### [ASSIGNMENT]
Each line in the material below must be transcribed exactly; no picture belongs in the copy.

Segment Start: EXERCISE DATA

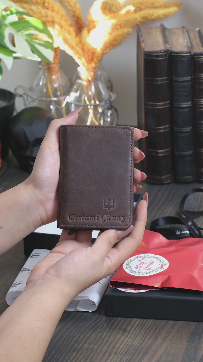 Moon Mekanizmalı Hakiki Deri Minimal Cüzdan
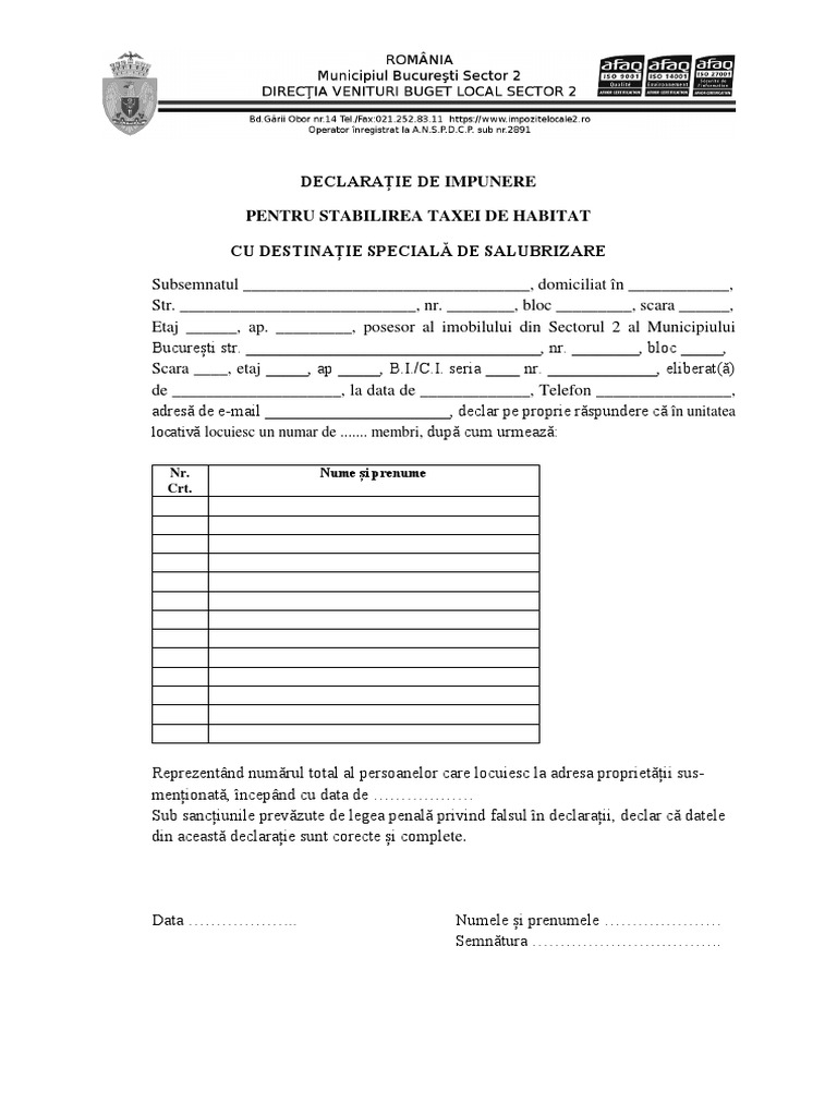 Declaratie De Impunere Pentru Stabilirea Taxei De Habitat Sector 2
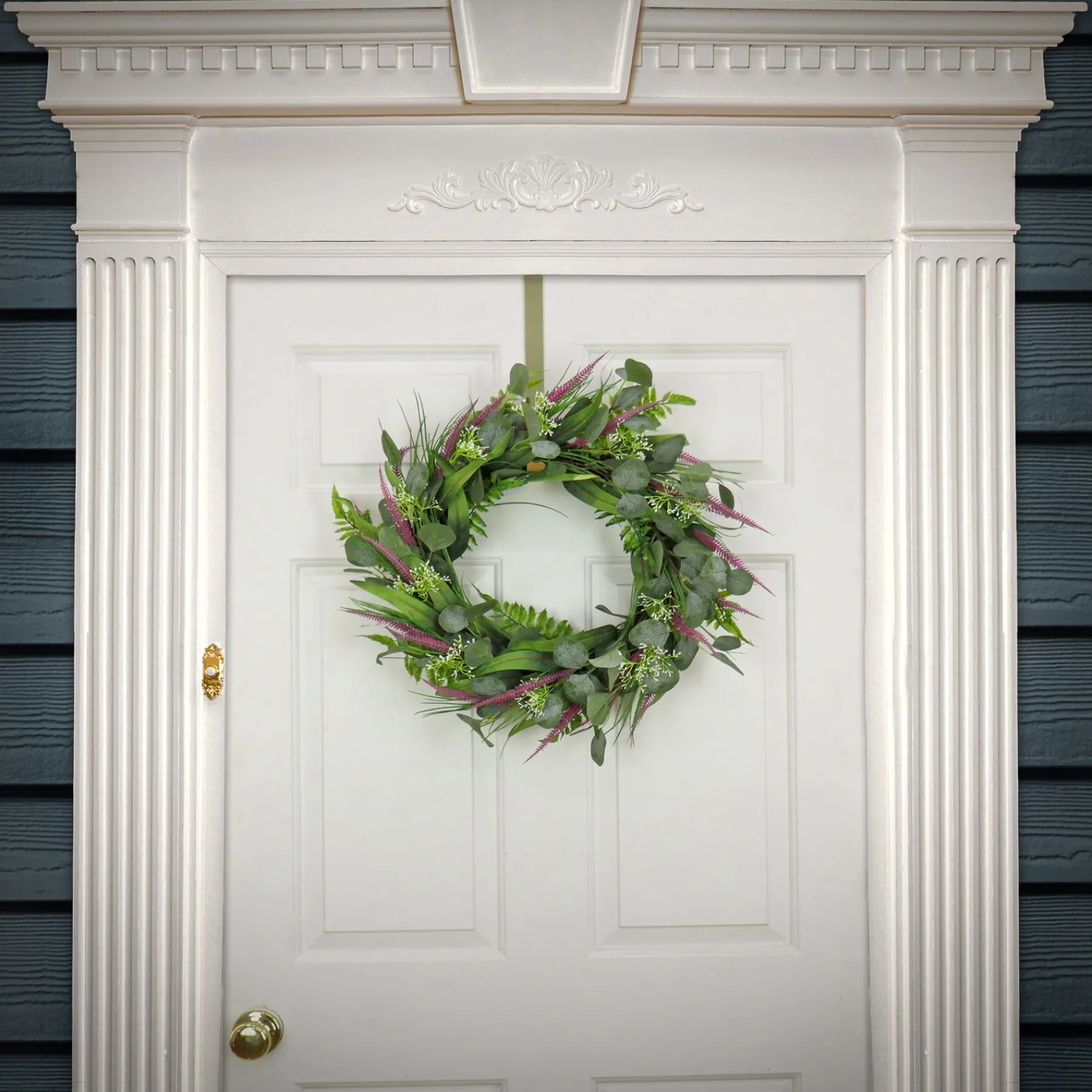 - This Artificial Wreath Decoration Is Decorated With Green Eucalyptus Leaves, Lavender And Flowing Green Stems.

Segment End: EXERCISE DATA

### [ANSWER]
 Moon Mekanizmalı Hakiki Deri Minimal Cüzdan
 Declaratie De Impunere Pentru Stabilirea Taxei De Habitat Sector 2
 - This Artificial Wreath Decoration Is Decorated With Green Eucalyptus Leaves, Lavender And Flowing Green Stems.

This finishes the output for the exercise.